= Sheriff of the Lothians and Peebles =

The Sheriff of the Lothians and Peebles was historically the office responsible for enforcing law and order and bringing criminals to justice in The Lothians and Peebles, Scotland. Prior to 1748 most sheriffdoms were held on a hereditary basis. From that date, following the Jacobite uprising of 1745, the hereditary sheriffs were replaced by salaried sheriff-deputes, qualified advocates who were members of the Scottish Bar.

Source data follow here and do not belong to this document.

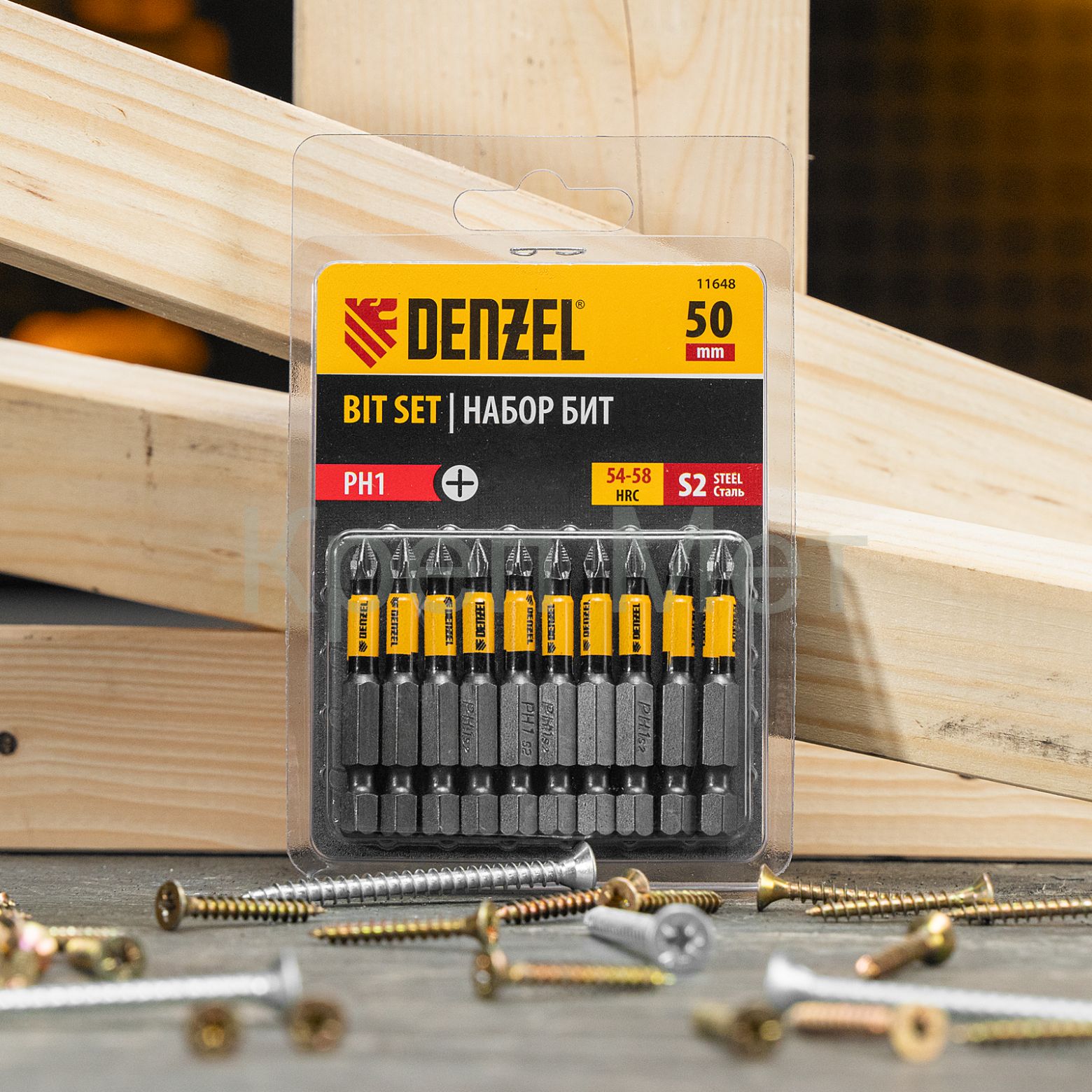- Защита от подделок — цветное кольцо с логотипом ТМ Denzel на каждой бите подтверждает оригинальность товара.
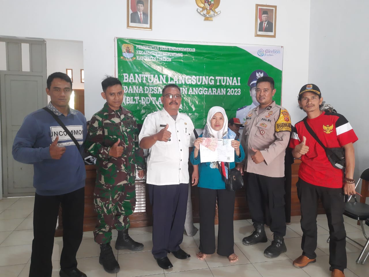 Bhabinkamtibmas Desa Sindangmekar Aipda Iwan TD bersama Babinsa Desa Sindangmekar Serda Ratma, mengawal Penyaluran Batuan Langsung Tunai tersebut berupa uang tunai sejumlah Rp. 300.000 / bln, yang dibagikan oleh Pemdes Sindangmekar dan diserahkan kepada 43 KPM (Keluarga Penerima Manfaat) sesuai dengan data sebagai penerima bantuan.
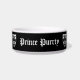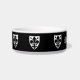 White shields on black with Fleur De Lis symbols surround this cat bowl for your prince or princess cat. Add your royal pet's name to it. If you need to enlarge the text for shorter names, you can do it when you "customize". Click the text, scroll down, click the "+" sign or writer a larger number in the font box.
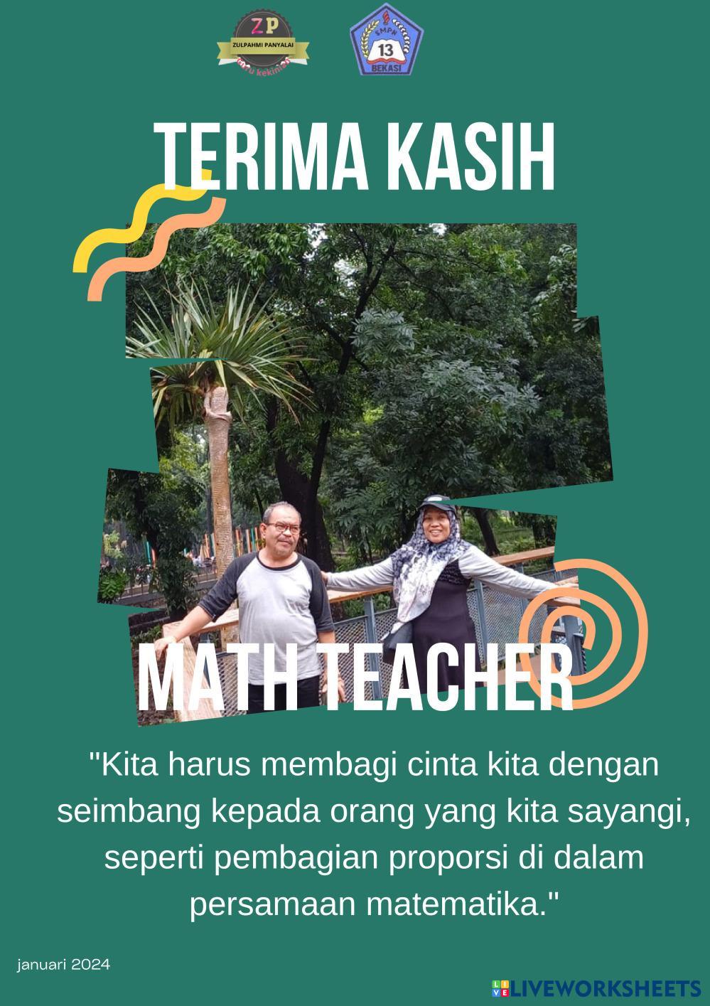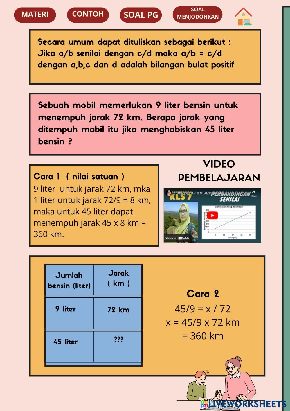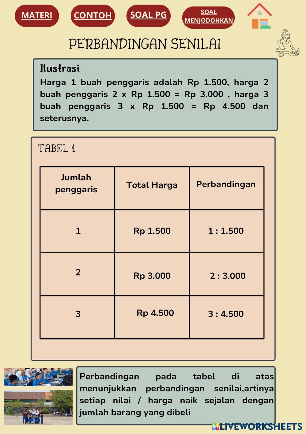 Created byZulpahmi caniago Konsep Perbandingan Senilai MATEMATIKA SMP Age 13+ level: SMP Indonesian Author's Instructions My Google Classroom Courses × 0 classes selected (0 students total) Quick Access Select all classes (0 classes) All Classes Loading courses... Cancel Share Share to selected Course __COURSE_NAME__ __STUDENT_NAME__ (__STUDENT_EMAIL__) PERBANDINGAN SENILAI MATEMATIKA KELAS 7 Download Worksheet Validation Check my answers Emails my answers to my teacher Full name Group/level School subject Teacher's email or key code Close Submit Validating worksheet... (12) Your answers have been sent to your teacher. Good luck! OK We encountered an error submitting your answers. Please try again. OK Advertisement | Go Ad Free Created byZulpahmi caniago Konsep Perbandingan Senilai MATEMATIKA SMP Age 13+ level: SMP Indonesian Author's Instructions
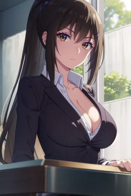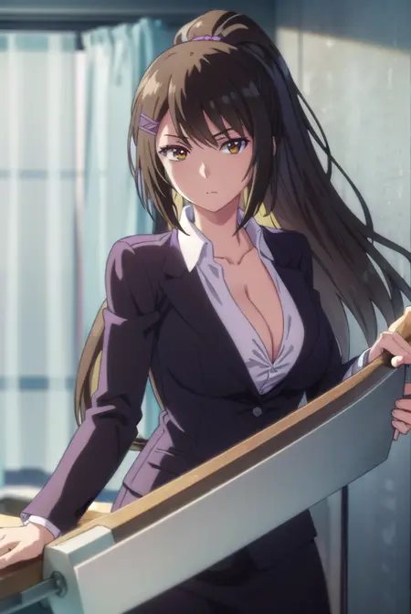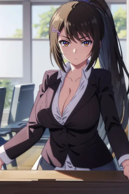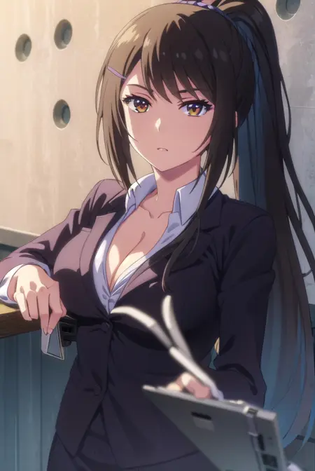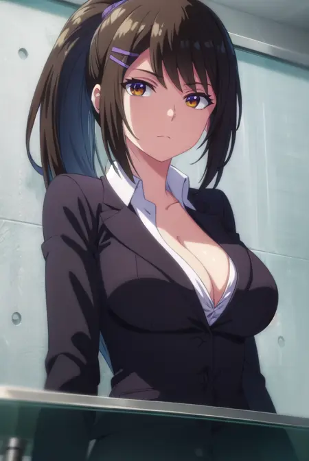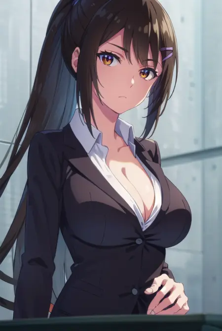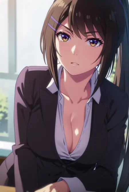 sae chabashira,长发,(黑发:1.5),发饰,(棕眼:1.3),马尾,发夹,

The position of Sheriff of the Lothians had been created in 1881 following a merger of the sheriffdom of Midlothian and Haddington with the Linlithgow part of the sheriffdom of Linlithgow, Clackmannan & Kinross. The position of Sheriff of Peebles was then joined to it in 1883 to create the new position of Sheriff of the Lothians & Peebles.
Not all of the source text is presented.